Participaram da pesquisa 44 professores de 25 escolas estaduais localizadas em

nove (9) cidades da Região do Extremo Sul Catarinense, sendo todos atuantes no

ensino médio.

Figura 4 – Tablet Educacional

Fonte: MEC/FNDE Tablet Educacional. Disponível em:

<http://www.fnde.gov.br/tableteducacional/inicio>. Acesso em: 01 jun. 2018.

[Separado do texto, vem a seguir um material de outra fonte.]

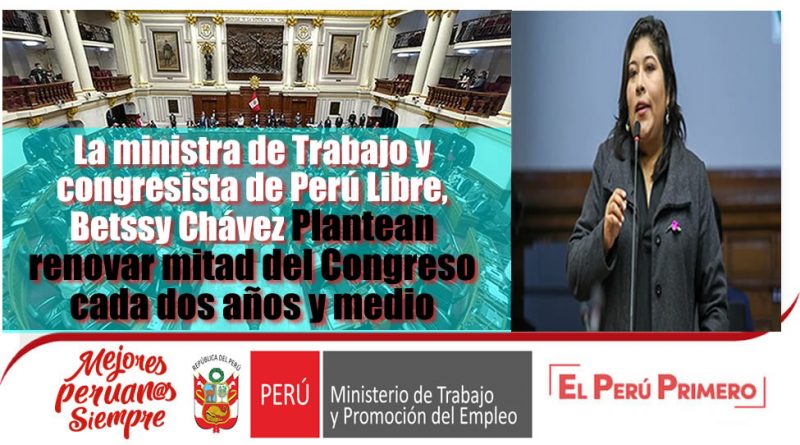 La ministra de Trabajo y congresista de Perú Libre, Betssy Chávez, presentó un proyecto de ley de reforma constitucional por el cual plantea la renovación del Congreso por mitades cada dos años y medio.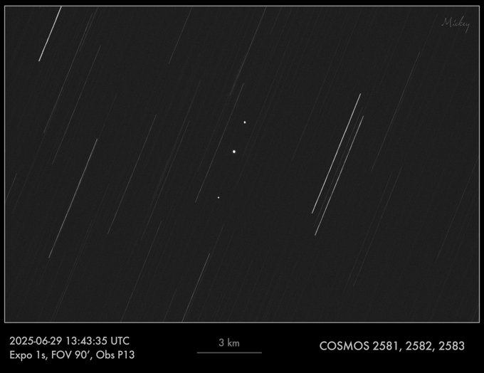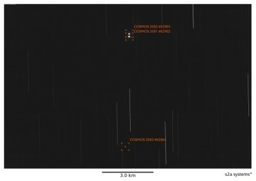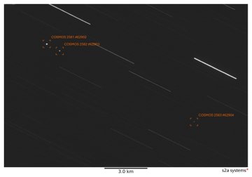 Эти три Космоса продолжают летать в непосредственной близости. Недавно наблюдалось сближение К-2583 с К-2581 на расстоянии менее 100 метров.

Quando questionados sobre o uso do recurso tablet para auxiliar no processo

de ensino e aprendizagem, apenas 6 (13,63%) dos professores responderam

afirmativamente. Os outros 37 (84,10%) professores responderam que não utilizam

os tablets como material didático ou ferramenta. Em suas justificativas, os sujeitos

da pesquisa alegaram a má qualidade do equipamento, a falta de formação

pedagógica, sinal insatisfatório ou inexistente de conexão Wi-Fi nas escolas e

sobrecarga de trabalho. Percebe-se, por meio das respostas, que alguns

professores entrevistados sequer viam utilidade pedagógica no Tablet Educacional.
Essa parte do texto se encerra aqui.